(Records from a data collection)
# # # #
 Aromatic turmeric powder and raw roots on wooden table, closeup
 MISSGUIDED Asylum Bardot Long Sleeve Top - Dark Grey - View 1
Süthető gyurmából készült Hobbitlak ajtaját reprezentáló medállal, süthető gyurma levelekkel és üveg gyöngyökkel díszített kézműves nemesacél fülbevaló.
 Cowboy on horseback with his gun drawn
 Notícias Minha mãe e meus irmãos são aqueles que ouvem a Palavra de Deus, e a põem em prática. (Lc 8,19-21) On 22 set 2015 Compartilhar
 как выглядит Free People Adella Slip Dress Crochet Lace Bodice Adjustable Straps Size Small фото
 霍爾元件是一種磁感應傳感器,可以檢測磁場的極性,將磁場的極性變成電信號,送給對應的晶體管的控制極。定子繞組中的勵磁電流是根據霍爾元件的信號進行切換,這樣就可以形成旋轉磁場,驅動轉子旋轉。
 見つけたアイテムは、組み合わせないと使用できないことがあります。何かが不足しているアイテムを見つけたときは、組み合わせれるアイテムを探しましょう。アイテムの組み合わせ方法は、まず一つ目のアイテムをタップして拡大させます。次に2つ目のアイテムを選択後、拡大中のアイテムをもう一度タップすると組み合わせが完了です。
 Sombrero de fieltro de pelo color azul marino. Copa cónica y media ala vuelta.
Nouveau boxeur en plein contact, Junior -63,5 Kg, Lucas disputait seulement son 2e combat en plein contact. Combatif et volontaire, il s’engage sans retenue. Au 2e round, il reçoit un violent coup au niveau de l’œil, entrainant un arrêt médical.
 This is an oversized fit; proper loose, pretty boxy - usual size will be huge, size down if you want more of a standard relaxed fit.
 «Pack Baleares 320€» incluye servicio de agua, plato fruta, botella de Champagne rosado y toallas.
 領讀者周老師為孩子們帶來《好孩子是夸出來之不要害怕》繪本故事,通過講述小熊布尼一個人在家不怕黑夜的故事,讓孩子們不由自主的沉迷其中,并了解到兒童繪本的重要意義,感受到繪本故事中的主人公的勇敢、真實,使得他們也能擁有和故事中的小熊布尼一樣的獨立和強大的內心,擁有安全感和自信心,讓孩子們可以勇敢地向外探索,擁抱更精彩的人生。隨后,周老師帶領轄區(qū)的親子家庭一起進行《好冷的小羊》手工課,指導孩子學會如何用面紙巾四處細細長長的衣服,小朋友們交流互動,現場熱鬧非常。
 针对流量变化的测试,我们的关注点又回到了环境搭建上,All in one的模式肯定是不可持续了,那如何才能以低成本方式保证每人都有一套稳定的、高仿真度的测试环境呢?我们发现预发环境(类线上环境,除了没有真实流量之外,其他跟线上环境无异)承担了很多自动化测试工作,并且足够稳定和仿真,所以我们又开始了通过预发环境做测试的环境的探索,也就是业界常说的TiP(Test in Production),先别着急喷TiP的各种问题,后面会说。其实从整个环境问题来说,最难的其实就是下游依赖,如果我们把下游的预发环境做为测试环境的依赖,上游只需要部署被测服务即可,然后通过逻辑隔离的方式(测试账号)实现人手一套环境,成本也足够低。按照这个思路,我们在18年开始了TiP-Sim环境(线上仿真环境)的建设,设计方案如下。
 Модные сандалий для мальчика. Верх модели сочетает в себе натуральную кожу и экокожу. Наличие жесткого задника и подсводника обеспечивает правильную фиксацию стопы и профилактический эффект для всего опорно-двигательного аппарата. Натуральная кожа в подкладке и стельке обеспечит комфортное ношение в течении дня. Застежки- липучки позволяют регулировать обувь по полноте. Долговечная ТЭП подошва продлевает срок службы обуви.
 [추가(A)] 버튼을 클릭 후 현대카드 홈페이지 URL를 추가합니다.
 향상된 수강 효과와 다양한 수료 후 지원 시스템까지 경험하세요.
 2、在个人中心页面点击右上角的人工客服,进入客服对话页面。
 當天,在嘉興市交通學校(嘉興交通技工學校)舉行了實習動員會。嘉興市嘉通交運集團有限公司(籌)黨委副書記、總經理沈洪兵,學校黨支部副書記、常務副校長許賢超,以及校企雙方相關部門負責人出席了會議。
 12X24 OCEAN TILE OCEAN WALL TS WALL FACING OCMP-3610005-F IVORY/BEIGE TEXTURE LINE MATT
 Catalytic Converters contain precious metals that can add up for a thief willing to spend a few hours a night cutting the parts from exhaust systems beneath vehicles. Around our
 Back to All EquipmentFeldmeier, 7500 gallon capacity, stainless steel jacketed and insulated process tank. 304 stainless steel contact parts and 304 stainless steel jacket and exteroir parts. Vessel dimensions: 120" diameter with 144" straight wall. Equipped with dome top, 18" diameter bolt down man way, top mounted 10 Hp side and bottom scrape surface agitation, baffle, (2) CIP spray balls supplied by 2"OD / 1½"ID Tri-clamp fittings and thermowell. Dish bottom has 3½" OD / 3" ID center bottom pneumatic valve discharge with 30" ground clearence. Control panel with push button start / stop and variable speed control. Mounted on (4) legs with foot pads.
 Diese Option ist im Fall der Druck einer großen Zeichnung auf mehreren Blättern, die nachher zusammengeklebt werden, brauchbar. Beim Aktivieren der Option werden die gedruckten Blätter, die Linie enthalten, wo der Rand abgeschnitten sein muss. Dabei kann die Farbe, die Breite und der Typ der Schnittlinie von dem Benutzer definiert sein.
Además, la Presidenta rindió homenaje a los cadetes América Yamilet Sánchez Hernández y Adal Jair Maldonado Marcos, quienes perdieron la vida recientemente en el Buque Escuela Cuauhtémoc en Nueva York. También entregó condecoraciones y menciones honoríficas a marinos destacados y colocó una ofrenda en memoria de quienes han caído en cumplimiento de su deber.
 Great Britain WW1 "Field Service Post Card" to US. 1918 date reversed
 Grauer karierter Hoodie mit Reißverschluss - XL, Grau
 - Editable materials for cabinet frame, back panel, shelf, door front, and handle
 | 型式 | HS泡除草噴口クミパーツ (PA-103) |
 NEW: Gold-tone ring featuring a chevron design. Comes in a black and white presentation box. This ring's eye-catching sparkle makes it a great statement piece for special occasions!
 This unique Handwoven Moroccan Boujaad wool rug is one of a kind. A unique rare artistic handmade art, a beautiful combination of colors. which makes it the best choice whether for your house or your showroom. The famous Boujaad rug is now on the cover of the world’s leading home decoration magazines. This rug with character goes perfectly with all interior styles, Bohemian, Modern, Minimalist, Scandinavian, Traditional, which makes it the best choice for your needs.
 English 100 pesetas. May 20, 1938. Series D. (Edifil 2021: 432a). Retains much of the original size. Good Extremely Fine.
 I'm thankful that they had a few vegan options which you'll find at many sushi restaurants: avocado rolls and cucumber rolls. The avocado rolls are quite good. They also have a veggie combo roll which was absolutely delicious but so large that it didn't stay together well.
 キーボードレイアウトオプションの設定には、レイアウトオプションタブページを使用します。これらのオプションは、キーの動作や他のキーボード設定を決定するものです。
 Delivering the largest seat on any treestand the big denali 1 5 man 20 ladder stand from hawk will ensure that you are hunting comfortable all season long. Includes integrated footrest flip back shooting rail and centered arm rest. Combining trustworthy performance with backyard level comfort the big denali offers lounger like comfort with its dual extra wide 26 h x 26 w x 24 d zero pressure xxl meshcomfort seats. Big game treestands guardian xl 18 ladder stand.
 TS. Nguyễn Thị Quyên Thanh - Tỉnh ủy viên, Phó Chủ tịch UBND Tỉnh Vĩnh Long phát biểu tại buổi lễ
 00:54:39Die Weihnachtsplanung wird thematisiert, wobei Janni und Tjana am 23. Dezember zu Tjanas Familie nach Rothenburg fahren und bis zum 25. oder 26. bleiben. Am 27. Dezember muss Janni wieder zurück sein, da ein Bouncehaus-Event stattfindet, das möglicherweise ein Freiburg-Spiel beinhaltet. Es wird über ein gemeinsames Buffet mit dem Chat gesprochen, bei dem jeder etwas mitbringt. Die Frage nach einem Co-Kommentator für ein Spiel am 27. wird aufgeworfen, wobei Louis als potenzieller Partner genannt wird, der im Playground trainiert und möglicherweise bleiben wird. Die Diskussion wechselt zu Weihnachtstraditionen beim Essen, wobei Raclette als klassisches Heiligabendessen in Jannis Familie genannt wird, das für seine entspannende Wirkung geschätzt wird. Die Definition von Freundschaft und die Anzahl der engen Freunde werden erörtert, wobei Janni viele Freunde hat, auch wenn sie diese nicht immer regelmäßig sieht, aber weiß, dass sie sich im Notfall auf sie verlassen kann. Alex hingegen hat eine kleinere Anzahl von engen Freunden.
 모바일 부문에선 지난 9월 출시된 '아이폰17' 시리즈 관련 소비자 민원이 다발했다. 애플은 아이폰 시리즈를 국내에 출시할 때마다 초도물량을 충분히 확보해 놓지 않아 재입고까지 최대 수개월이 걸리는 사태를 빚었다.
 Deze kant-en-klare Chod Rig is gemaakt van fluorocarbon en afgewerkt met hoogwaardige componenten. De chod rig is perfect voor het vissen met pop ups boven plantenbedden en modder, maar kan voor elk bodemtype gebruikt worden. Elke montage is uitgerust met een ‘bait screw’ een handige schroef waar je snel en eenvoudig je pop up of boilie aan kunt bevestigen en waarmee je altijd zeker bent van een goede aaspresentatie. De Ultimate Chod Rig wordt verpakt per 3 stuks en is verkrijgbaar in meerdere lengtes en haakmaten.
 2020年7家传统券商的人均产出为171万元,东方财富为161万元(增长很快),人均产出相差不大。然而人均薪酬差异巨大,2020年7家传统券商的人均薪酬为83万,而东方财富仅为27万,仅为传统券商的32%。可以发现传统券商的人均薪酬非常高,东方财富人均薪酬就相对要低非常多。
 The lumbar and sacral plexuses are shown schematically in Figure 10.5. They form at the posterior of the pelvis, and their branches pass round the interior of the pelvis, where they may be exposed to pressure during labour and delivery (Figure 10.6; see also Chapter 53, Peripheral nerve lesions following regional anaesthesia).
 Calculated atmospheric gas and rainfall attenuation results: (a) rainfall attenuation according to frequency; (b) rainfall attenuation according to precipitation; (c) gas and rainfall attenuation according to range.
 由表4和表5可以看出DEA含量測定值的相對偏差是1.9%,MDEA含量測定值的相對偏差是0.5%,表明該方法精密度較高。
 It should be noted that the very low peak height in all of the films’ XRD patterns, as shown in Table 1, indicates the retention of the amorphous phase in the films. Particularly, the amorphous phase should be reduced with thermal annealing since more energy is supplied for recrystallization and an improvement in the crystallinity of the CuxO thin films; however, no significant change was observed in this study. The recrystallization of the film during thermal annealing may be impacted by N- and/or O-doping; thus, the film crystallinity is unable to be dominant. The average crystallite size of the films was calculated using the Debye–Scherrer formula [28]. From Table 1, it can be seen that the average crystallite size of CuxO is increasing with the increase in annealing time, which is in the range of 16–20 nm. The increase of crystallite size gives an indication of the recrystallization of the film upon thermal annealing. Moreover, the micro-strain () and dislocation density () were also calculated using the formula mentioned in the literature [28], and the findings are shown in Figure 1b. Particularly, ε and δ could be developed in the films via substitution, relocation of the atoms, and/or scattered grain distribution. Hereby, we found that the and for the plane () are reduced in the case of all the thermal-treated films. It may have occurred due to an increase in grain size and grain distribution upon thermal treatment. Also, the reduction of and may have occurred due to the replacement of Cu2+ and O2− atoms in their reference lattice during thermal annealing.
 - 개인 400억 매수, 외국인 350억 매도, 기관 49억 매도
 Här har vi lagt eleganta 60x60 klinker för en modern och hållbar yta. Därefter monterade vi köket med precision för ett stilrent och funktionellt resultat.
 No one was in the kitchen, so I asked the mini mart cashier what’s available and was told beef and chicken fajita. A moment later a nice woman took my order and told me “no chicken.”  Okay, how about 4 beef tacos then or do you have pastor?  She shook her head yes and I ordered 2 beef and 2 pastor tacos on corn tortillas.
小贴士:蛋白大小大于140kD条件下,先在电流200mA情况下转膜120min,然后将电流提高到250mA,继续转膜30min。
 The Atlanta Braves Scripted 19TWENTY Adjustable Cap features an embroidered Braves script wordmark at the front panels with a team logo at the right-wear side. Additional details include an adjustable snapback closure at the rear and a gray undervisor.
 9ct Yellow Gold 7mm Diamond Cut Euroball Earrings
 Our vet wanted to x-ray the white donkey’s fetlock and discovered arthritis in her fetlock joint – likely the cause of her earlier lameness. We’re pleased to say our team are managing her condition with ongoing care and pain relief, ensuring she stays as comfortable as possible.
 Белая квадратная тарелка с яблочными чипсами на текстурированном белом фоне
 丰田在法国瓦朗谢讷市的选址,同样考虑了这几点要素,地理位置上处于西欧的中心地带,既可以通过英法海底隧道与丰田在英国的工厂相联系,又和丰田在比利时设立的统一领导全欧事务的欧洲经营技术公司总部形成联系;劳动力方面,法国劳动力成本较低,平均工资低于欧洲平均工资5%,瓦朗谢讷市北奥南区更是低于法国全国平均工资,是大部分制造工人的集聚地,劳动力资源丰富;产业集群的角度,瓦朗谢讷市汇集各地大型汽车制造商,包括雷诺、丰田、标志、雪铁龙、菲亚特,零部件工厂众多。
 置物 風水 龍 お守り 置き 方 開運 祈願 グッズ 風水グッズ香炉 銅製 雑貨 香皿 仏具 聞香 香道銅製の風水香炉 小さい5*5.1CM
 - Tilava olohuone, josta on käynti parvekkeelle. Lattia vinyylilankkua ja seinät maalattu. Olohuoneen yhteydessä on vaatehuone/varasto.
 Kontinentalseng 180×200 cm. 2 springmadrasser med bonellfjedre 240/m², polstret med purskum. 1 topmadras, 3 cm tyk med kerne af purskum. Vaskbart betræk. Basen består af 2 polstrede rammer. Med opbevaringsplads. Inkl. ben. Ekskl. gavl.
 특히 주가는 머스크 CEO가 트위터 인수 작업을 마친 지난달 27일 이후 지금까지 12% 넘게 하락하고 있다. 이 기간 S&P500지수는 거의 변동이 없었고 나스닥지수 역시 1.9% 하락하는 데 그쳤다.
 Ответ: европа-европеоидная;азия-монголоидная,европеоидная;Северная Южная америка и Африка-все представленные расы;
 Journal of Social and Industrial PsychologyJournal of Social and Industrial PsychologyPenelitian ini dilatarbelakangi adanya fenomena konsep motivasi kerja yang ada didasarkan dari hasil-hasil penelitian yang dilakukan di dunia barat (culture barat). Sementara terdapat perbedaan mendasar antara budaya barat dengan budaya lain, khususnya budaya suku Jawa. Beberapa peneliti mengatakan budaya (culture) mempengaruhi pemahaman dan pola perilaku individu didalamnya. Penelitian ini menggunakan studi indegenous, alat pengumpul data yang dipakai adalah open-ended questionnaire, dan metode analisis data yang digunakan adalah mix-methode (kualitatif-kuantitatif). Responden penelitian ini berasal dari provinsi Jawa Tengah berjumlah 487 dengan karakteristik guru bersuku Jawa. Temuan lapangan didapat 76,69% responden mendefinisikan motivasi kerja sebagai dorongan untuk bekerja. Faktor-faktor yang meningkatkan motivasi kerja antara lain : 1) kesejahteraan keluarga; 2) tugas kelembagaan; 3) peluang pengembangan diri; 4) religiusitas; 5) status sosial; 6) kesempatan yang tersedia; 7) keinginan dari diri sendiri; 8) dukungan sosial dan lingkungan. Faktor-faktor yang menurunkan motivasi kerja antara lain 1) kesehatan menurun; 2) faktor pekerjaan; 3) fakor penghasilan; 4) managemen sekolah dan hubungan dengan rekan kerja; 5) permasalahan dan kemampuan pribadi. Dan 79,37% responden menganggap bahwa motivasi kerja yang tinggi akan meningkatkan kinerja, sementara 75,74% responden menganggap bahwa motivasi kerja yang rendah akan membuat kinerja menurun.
# # # #
*What you should do:* One inclusive range is required: first line of the data through the line containing "как выглядит Free". Set it down exactly and output nothing else.

*Exercise solution:*
 Aromatic turmeric powder and raw roots on wooden table, closeup
 MISSGUIDED Asylum Bardot Long Sleeve Top - Dark Grey - View 1
Süthető gyurmából készült Hobbitlak ajtaját reprezentáló medállal, süthető gyurma levelekkel és üveg gyöngyökkel díszített kézműves nemesacél fülbevaló.
 Cowboy on horseback with his gun drawn
 Notícias Minha mãe e meus irmãos são aqueles que ouvem a Palavra de Deus, e a põem em prática. (Lc 8,19-21) On 22 set 2015 Compartilhar
 как выглядит Free People Adella Slip Dress Crochet Lace Bodice Adjustable Straps Size Small фото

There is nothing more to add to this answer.